Derevo, Anton Adassinski's shaven-head clown outfit, has won itself a cult following across the world since it was founded in Leningrad in 1988, and picks up prizes at festivals the way the rest of us pick up colds. That doesn't mean everything that emerges from its Dresden headquarters is exceptional. This 1992 piece, performed as part of the London international mime festival, is a case in point.
Perhaps if we had seen it before either the aggressively energetic Red Zone or the touchy-feely Once it would have made more impact. Here it emerges as a scrappy, embryonic work with flashes of unsustainable brilliance. Most importantly, whereas the fairytale Once stayed just the right side of whimsical, this piece often strays the wrong side of fey. Physically, the work lacks the razor-sharp precision that gave Once its edge and made it so memorable.
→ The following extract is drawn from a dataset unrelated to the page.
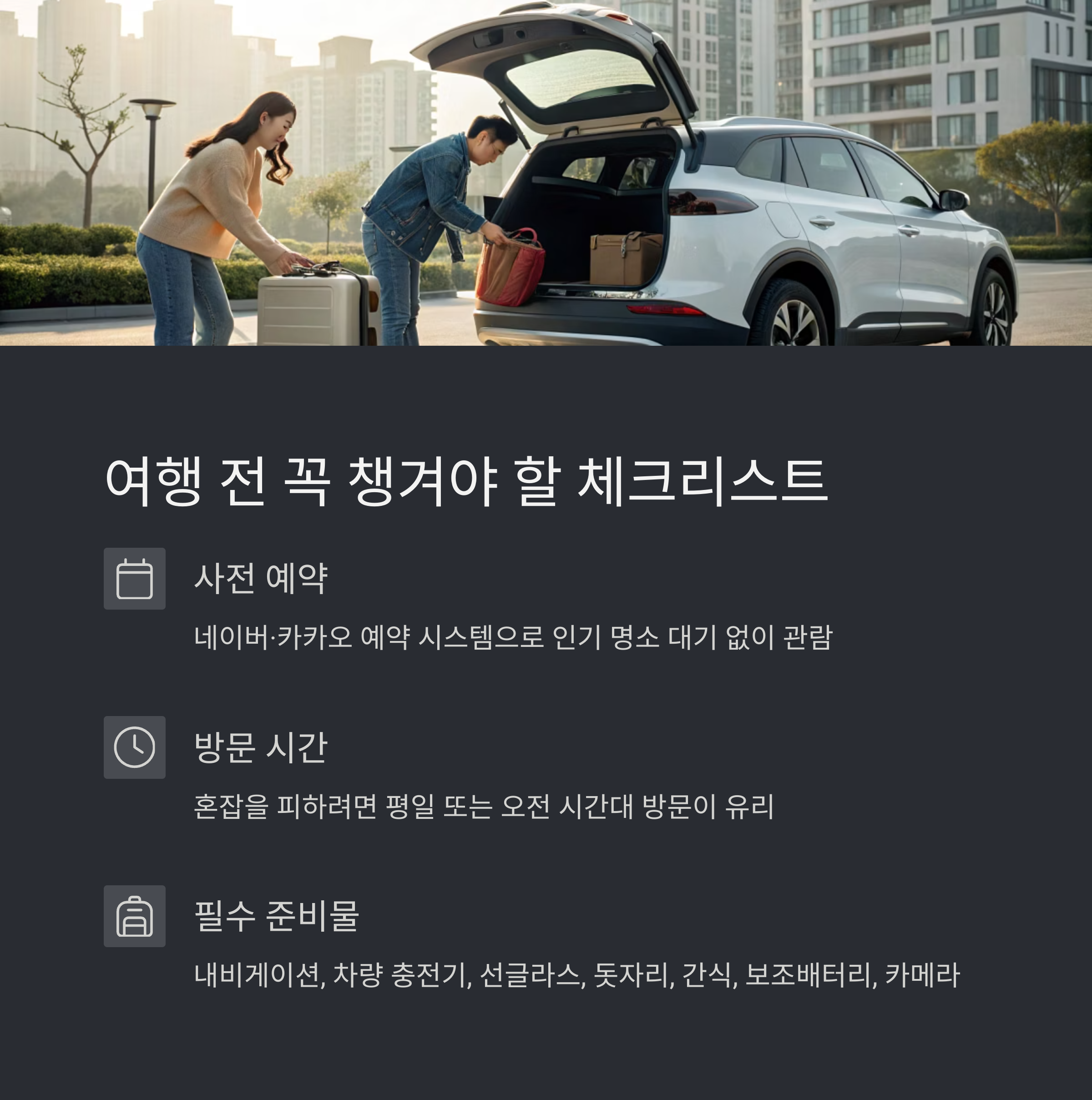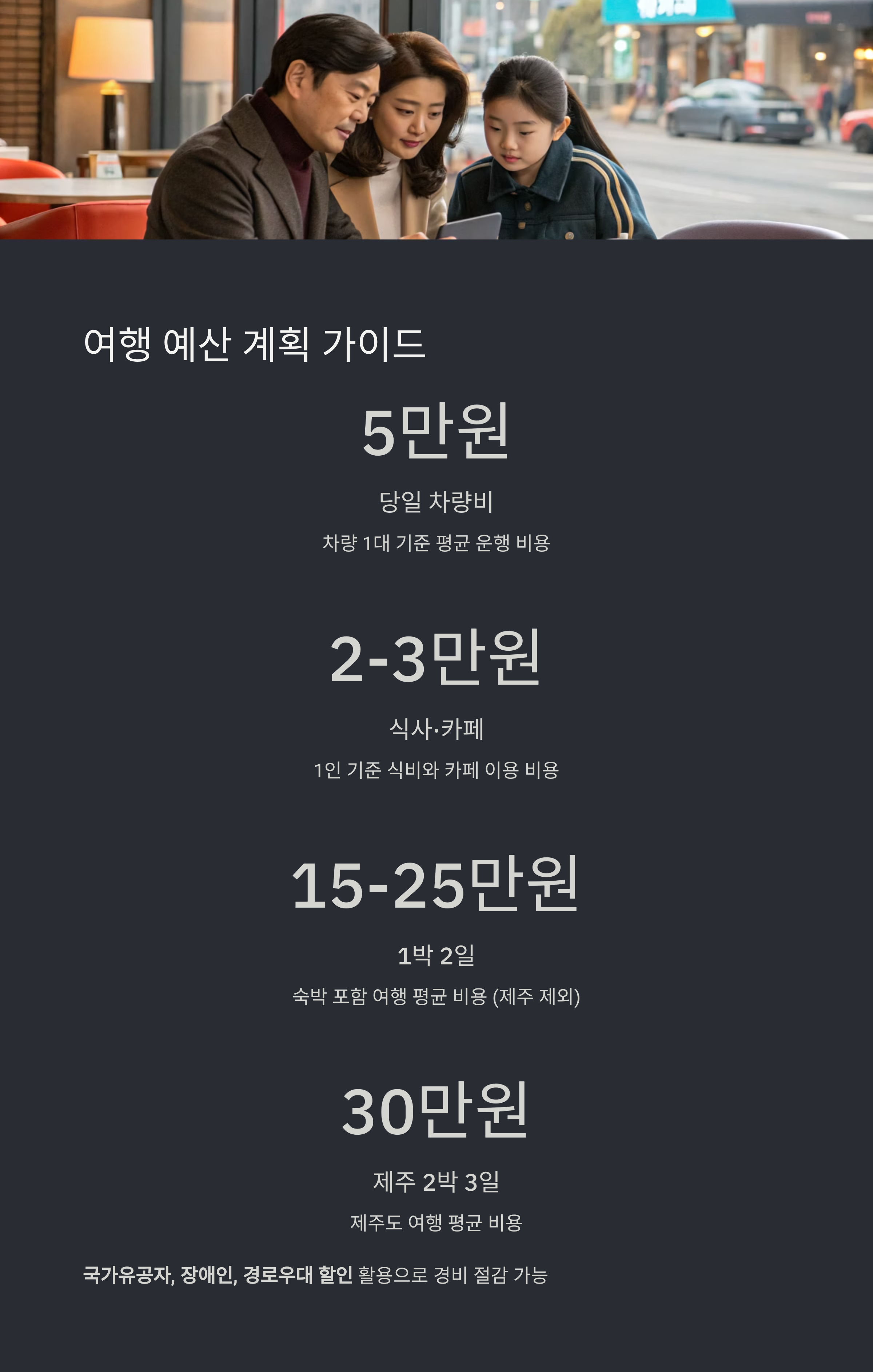 당일치기 기준 차량 1대 약 5만 원, 식사·카페비 1인 23만 원,1만5천 원 수준입니다. 숙박 포함 시 1박 2일 기준

According to Adassinski, The Rider is inspired by the life of the itinerant actor: "people who have so many characters and performers inside them that they hardly know any more who they are". This lack of stable reality is reflected in the way that the stage is magicked into a playground, an enchanted place where doves sit on trees and griffins perch on a flimsy toy castle that transforms into a toy theatre. A princess, a pierrot, a sailor, a couple of giggly Gretchens and an old man with a fairytale beard drift across the landscape, occasionally interacting and always throwing off their masks and changing into other shapes and characters. One of the marvels of the piece is that there are only four performers but a cast of thousands.
There are some intriguing, cheeky set pieces: the bearded man's insane, glorious attempts to fly, caught in mid-air while Edith Piaf sings No Regrets; a violent fight between two men in which neither of the protagonists actually touch each other. This is a place where the guns are toys and the water upon which the sailor sails his boat is imaginary.
This idea of shows within shows is neatly done, but there is not enough to carry an 80-minute piece. Without greater intellectual ballast or the helping hand of narrative, the evening quickly slides into a series of episodes, only some of which are meaningful and hit the mark. Like the absurdist ditty A Whiter Shade of Pale that the show uses, this is a light fandango, nothing more.